The economy of Denmark focuses on the sectors of service, manufacturing, and trade. Denmark’s maritime industry is well-established and has an excellent global market position. This involves the design, manufacture, and supply of marine equipment and ships.

Main employers
In Denmark, a range of multinational organizations are headquartered, including:
  • A.P. The.P. Møller – Mærsk (a logistics firm offering solutions in fields such as shipping and freight forwarding)
  • The Carlsberg Group (a brewing company comprising Somersby and Tuborg with beer brands)
  • Danske Bank (a bank operating in 13 countries but with core markets in Denmark, Norway, Sweden, and Finland)
  • Integrated Business Solutions (a service provider providing integrated services)
  • The LEGO Group (a toy manufacturing business).

 Skills in demand


Employment areas where eligible employees are in demand include:

  • Engineering (including design, environmental engineering, mechanical engineering, energy, and electricity)
  • IT (consultancy, programming, and development included)
  • Medicine (physicians, nurses, and pharmacists had)
  • teaching.

Finding a Job in Denmark

If you don’t have access to local Danish newspapers for your job search, the best start is to search for jobs in Denmark online. Some websites include:

  • Denmark

If you speak Danish, take a look at these popular sites for jobs in Denmark: 

  • Monster Denmark
  • StepStone Denmark

Speaking Danish 

You don’t have to be fluent in Danish to get a job in Denmark, although some jobs require it. You can also find some companies that are specifically looking for English speakers. However, it helps to be able to speak both.

If you don’t speak Danish, you can search for an English-language job in Denmark. Learn the language later.

Also, residents of the European Union, European Economic Area, Switzerland, and Nordic countries can live and work in Denmark if they want for up to three months. To stay longer, they must get a special “registration certificate.” I hope this article will you to find a job in Denmark.
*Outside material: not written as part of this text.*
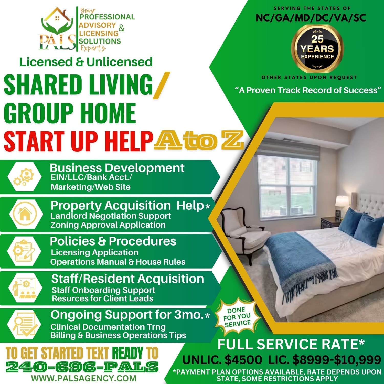 Starting a shared living/group home business demands both expertise and a compassionate, thorough approach. At PALS Agency, we begin with a detailed Discovery consultation to understand your vision and goals, tailoring our support to your unique needs. Our mission is to empower you to create a thriving, compassionate living environment for those in need. We provide comprehensive A to Z assistance, guiding you through every step of establishing and managing a successful shared living/group home venture, whether licensed or unlicensed. Embark on this journey with confidence, knowing that PALS Agency offers unwavering support from start to finish.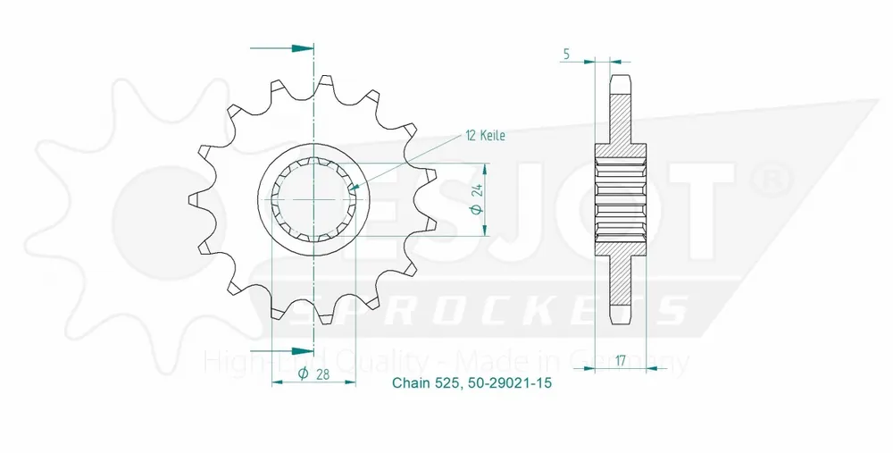 De ESJOT FRONT 15T, 525 sprocket is ontworpen met de hoogste kwaliteitsnormen in gedachten. Dankzij de robuuste constructie en het gebruik van hoogwaardige materialen, garandeert deze sprocket een lange levensduur en uitstekende prestaties. Je kunt erop vertrouwen dat deze sprocket je motor soepel laat rijden en bijdraagt aan een betere acceleratie.

In Denmark, how long does it take to get a job?

It can be a very time-consuming process to find a job in Denmark. Especially if there are many applicants for the same position and if it is necessary to interview everyone. The process could take several months if the job has a large number of applicants. This is where those more Danish skills, qualifications, and experience could work for you!
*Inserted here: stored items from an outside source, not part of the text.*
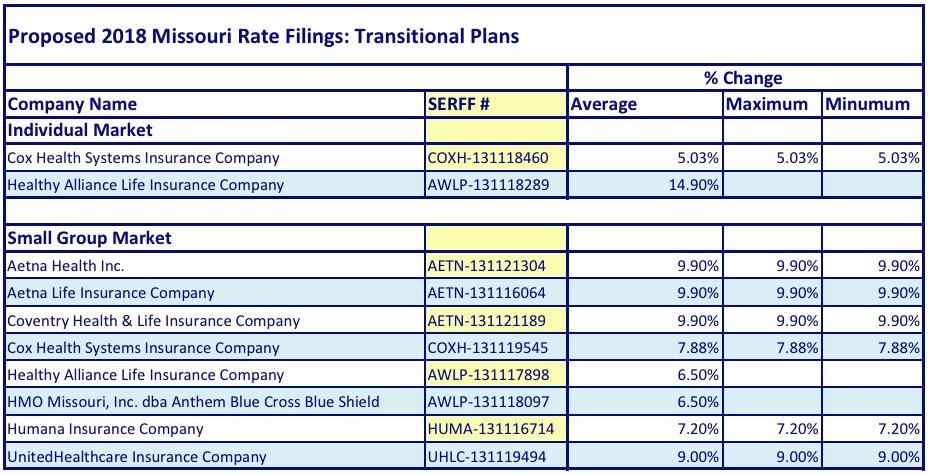 Normally I'd be pretty irritated by this, but to be honest, given what an utter mess the 2018 individual market landscape is shaping up to be, I can kind of understand this; the situation is even more fluid/confusing than ever, so I guess they figured there wasn't much point in posting the rate requests earlier than necessary if they're likely to change a dozen times before being locked in anyway. In any event, today the Missouri insurance department finally posted MO's requested rate changes for next year. This is kind of a big deal for the Show Me state, because until now, they were the only state in the country which didn't allow their own insurance commissioner to review rate hike requests.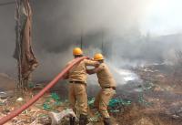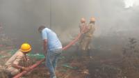 Fire personnel douse the fire caught at a scrap godown near Kumbalgodu, Mysore Road, in Bengaluru on Tuesday 30th March 2021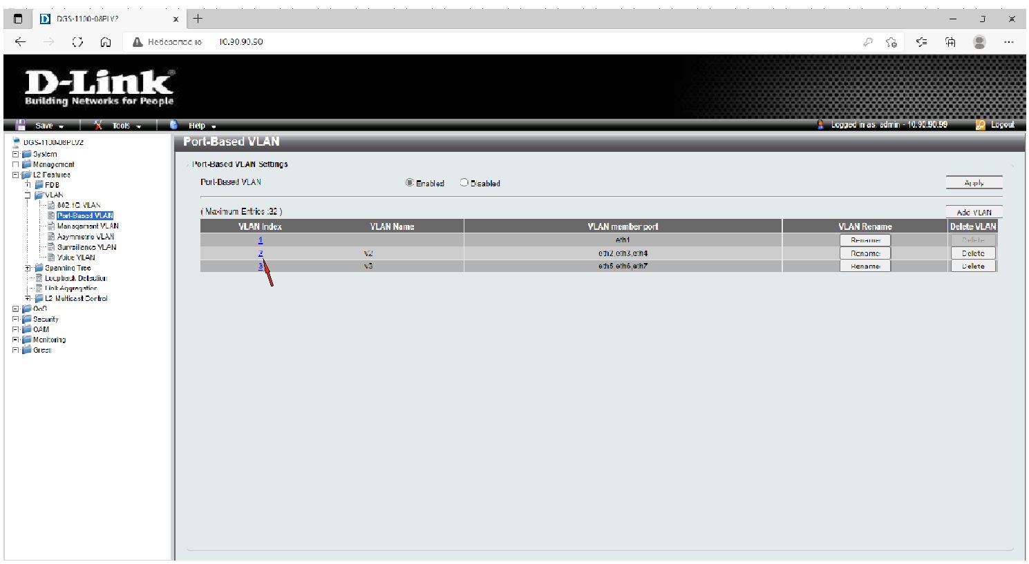 4. При использовании Port-Based VLAN порт коммутатора может быть членом только одной VLAN. Первоначально все порты являются членами VLAN по умолчанию (VLAN 1). Удалите из VLAN 1 порты, которые будут включены в VLAN v2 и VLAN v3. Для этого в столбце VLAN Index таблицы нажмите 1.

It would be best to put yourself in the best position possible when applying for a job in Denmark by being pro-active in your search. And most, ensuring that you have obtained a valid work permit well in advance if you need one.

Hunting for work and CV tips

Also, to the fact that Danish employers prefer Danish workers over employees from abroad. A high level of competition for many jobs can mean that it is difficult to get a job at first. But to boost your chances as an applicant in Denmark, there are some things you can do.
First, make sure you examine the job, and the company and that your CV and cover letter show that you have the requisite skills and experience. For more details, could you read our article on job hunting?
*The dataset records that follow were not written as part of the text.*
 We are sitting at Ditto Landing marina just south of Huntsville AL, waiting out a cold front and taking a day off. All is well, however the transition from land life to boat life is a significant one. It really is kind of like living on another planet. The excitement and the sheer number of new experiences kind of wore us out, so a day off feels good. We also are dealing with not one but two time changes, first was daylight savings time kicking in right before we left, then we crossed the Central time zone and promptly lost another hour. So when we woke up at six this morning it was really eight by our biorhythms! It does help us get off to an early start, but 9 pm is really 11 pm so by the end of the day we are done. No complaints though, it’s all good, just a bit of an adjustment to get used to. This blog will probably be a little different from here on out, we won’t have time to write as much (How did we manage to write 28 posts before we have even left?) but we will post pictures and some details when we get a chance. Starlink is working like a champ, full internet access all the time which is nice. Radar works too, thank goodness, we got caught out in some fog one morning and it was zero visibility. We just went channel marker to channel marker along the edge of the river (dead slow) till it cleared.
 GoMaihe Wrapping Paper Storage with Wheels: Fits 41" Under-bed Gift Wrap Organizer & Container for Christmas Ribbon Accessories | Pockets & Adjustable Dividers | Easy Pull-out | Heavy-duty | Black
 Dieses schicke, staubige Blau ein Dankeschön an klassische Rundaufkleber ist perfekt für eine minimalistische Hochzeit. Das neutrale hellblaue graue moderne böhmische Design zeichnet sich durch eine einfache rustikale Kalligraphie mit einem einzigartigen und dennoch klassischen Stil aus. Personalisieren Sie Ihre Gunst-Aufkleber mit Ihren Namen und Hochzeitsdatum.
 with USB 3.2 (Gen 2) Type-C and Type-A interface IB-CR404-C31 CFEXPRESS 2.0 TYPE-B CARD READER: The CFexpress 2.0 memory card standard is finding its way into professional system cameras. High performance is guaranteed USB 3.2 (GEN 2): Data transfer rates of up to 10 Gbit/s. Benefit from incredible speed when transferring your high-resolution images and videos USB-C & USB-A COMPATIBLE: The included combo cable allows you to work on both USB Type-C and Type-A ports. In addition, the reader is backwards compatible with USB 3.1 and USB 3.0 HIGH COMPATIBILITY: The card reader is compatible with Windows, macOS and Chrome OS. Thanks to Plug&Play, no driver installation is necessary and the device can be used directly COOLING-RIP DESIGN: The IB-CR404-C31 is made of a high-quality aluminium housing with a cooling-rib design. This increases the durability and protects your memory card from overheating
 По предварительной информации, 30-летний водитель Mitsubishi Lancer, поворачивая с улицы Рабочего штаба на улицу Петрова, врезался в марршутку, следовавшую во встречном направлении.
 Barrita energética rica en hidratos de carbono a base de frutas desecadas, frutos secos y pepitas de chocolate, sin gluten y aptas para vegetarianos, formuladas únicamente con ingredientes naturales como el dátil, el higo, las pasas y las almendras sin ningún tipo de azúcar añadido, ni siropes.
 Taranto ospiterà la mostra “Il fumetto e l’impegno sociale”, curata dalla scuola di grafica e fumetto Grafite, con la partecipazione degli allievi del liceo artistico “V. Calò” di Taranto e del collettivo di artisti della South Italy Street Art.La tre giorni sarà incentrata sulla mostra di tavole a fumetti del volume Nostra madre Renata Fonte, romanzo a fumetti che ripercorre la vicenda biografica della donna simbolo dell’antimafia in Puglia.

To work in Denmark, do you need a visa?

To work in Denmark, most EU nationals do not need a visa or a work permit. Before 31 December 2020, you will not need access to travel to Denmark for work or research, but you will need one after this date. For alerts, review the details provided by GOV.UK. See the guidance issued by the Ministry of Foreign Affairs of Denmark to find out how to apply for a visa. Also, see the requirements for the Denmark visa applications.